# Notebook 02: Regularization (Ridge & Lasso)

## The Art of Restraint

Overfitting is the enemy of generalization. Regularization tames it by penalizing complexity. Ridge shrinks coefficients smoothly. Lasso can zero them out entirely, performing automatic feature selection.

---

## Why Regularize?

### The Overfitting Problem

When a model has too many parameters relative to the data, it can memorize the training set instead of learning generalizable patterns.

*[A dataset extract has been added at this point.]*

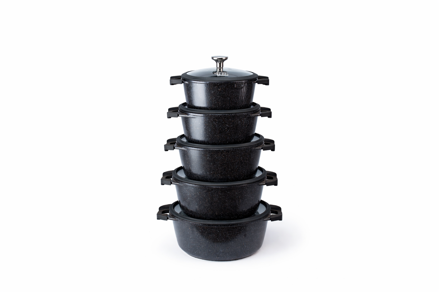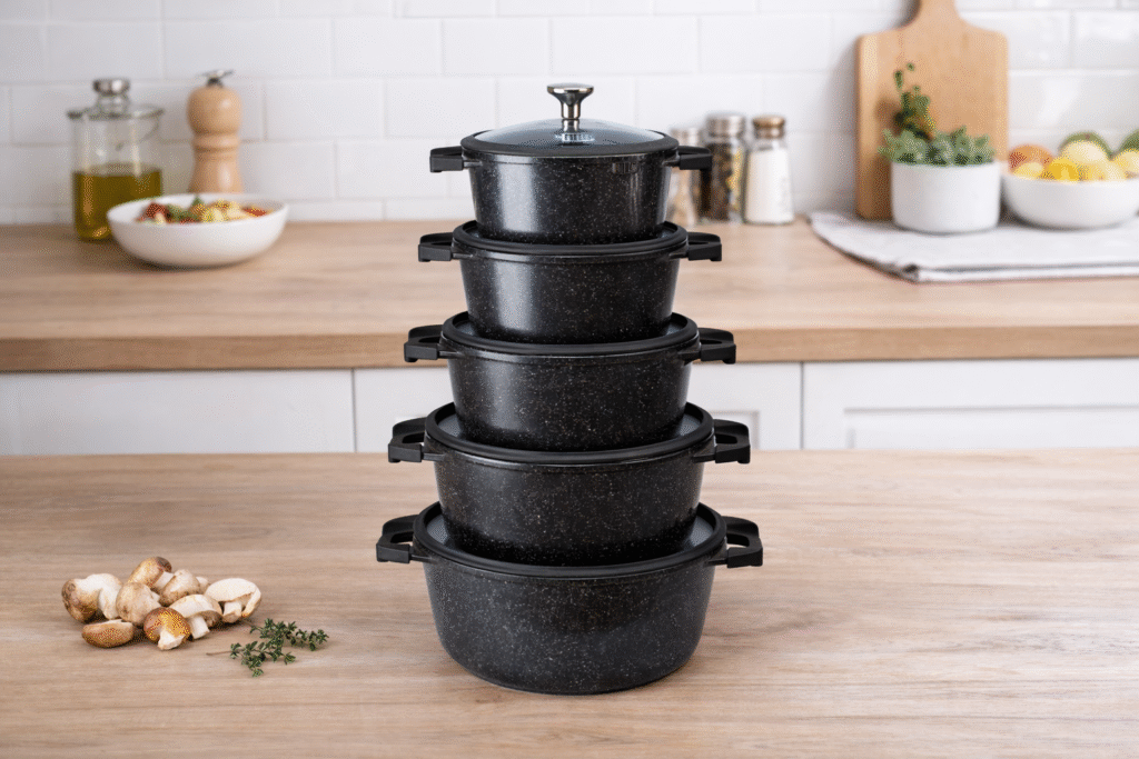 • Space-Saving Design: The unique, stable stack configuration allows all pots and pans to fit neatly within one another, freeing up valuable cabinet and drawer space.

### The Bias-Variance Tradeoff

Regularization introduces a controlled amount of **bias** to reduce **variance**.

## Ridge vs Lasso

- **Ridge (L2)**: Penalizes sum of squared coefficients. Shrinks all coefficients toward zero.
- **Lasso (L1)**: Penalizes sum of absolute coefficients. Can set coefficients to exactly zero.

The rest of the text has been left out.